• **TASK STATEMENT**: Reproduced exactly, the lines from the start of the material through the line containing "Fototapeta premium A" should be the whole answer, with pictures excluded.

• **GIVEN INFORMATION**:
=== Begin Enclosure ===

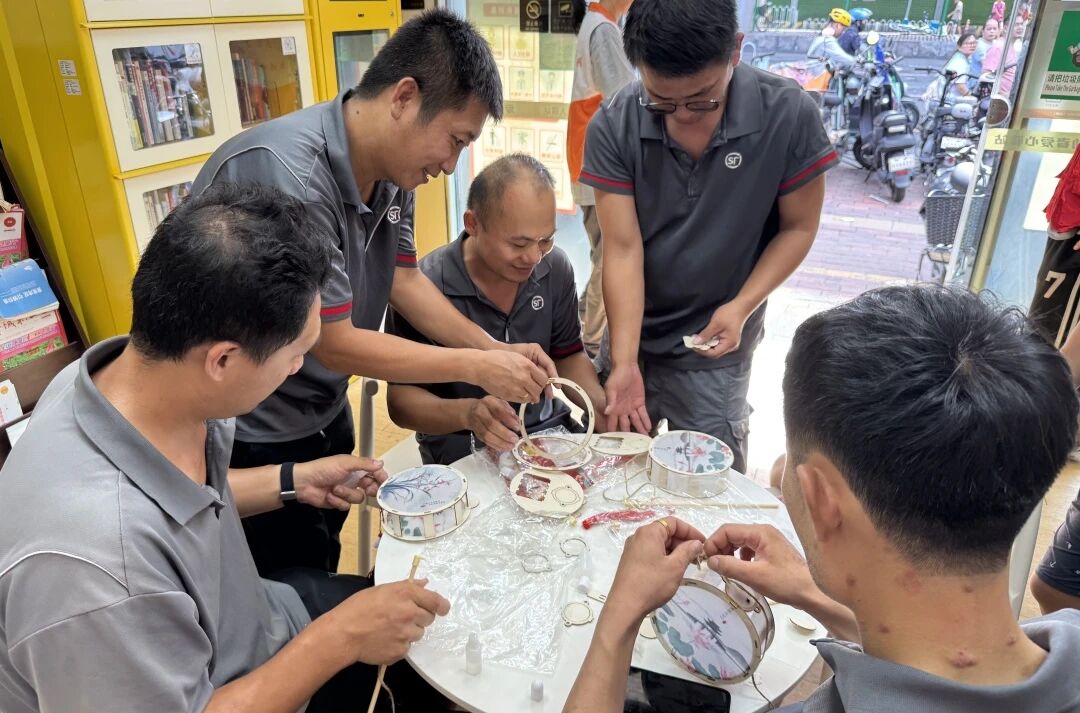 活动在轻松愉快的氛围中拉开帷幕。在工会社工的温情引导下,快递员们围绕“中秋记忆”和“奔波中的温暖瞬间”展开了轻松交流。“小时候家乡中秋要摆‘月光宴’,妈妈会把月饼、柚子摆得整整齐齐,全家围着月亮聊天”“上次送单时突遇暴雨,顾客不仅没催单,还专门煮了姜茶让我趁热喝”…… 一个个鲜活的故事、一句句真挚的分享,既有对故土习俗的深切怀念,也有对异乡善意的暖心回味。在真诚的倾听与共鸣中,现场笑声连连,快递员们彼此的距离悄然拉近,节日的思乡情愫也悄然转化为了 “他乡亦故乡” 的浓浓归属感,工会驿站内洋溢着家一般的温暖。
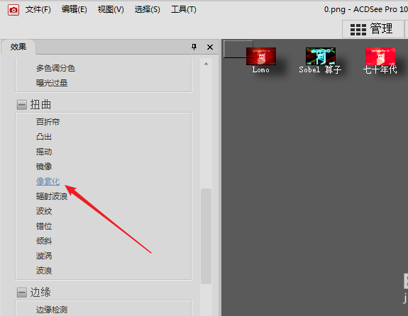 5、在acdsee看图软件的特殊效果中我们找到扭曲功能,其中有像素化功能,熟悉ps的朋友基本都知道,acdsee自身的编辑功能也相当的强大。
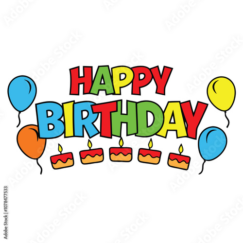 Fototapeta premium A birthday sign with a cake, candles, and balloons. The sign says Happy Birthday. The cake is on the left side of the sign, and the candles are on the right side
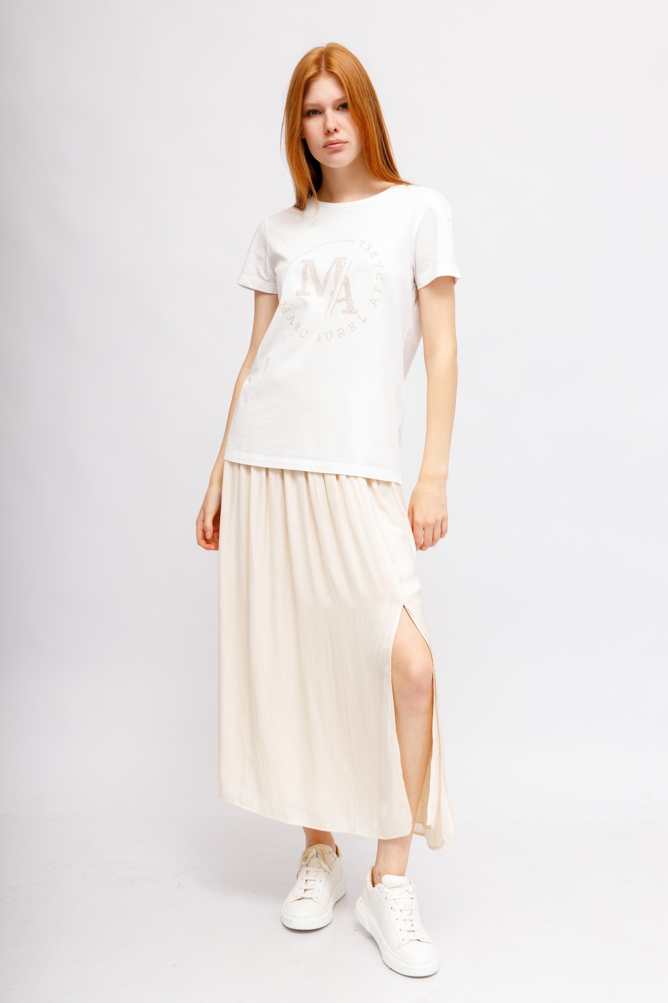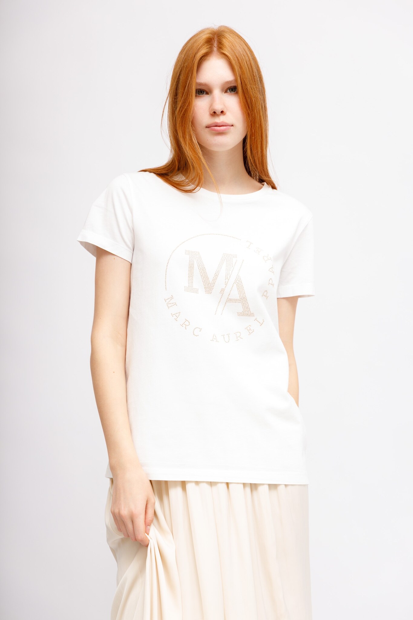 — идеальный выбор для стильного летнего образа. Круглый вырез и стандартный крой обеспечивают комфорт, а принт с логотипом добавляет современный акцент. Идеально подходит для модного и стильного образа.

=== End Enclosure ===

• **TASK OUTPUT**:
 活动在轻松愉快的氛围中拉开帷幕。在工会社工的温情引导下,快递员们围绕“中秋记忆”和“奔波中的温暖瞬间”展开了轻松交流。“小时候家乡中秋要摆‘月光宴’,妈妈会把月饼、柚子摆得整整齐齐,全家围着月亮聊天”“上次送单时突遇暴雨,顾客不仅没催单,还专门煮了姜茶让我趁热喝”…… 一个个鲜活的故事、一句句真挚的分享,既有对故土习俗的深切怀念,也有对异乡善意的暖心回味。在真诚的倾听与共鸣中,现场笑声连连,快递员们彼此的距离悄然拉近,节日的思乡情愫也悄然转化为了 “他乡亦故乡” 的浓浓归属感,工会驿站内洋溢着家一般的温暖。
 5、在acdsee看图软件的特殊效果中我们找到扭曲功能,其中有像素化功能,熟悉ps的朋友基本都知道,acdsee自身的编辑功能也相当的强大。
 Fototapeta premium A birthday sign with a cake, candles, and balloons. The sign says Happy Birthday. The cake is on the left side of the sign, and the candles are on the right side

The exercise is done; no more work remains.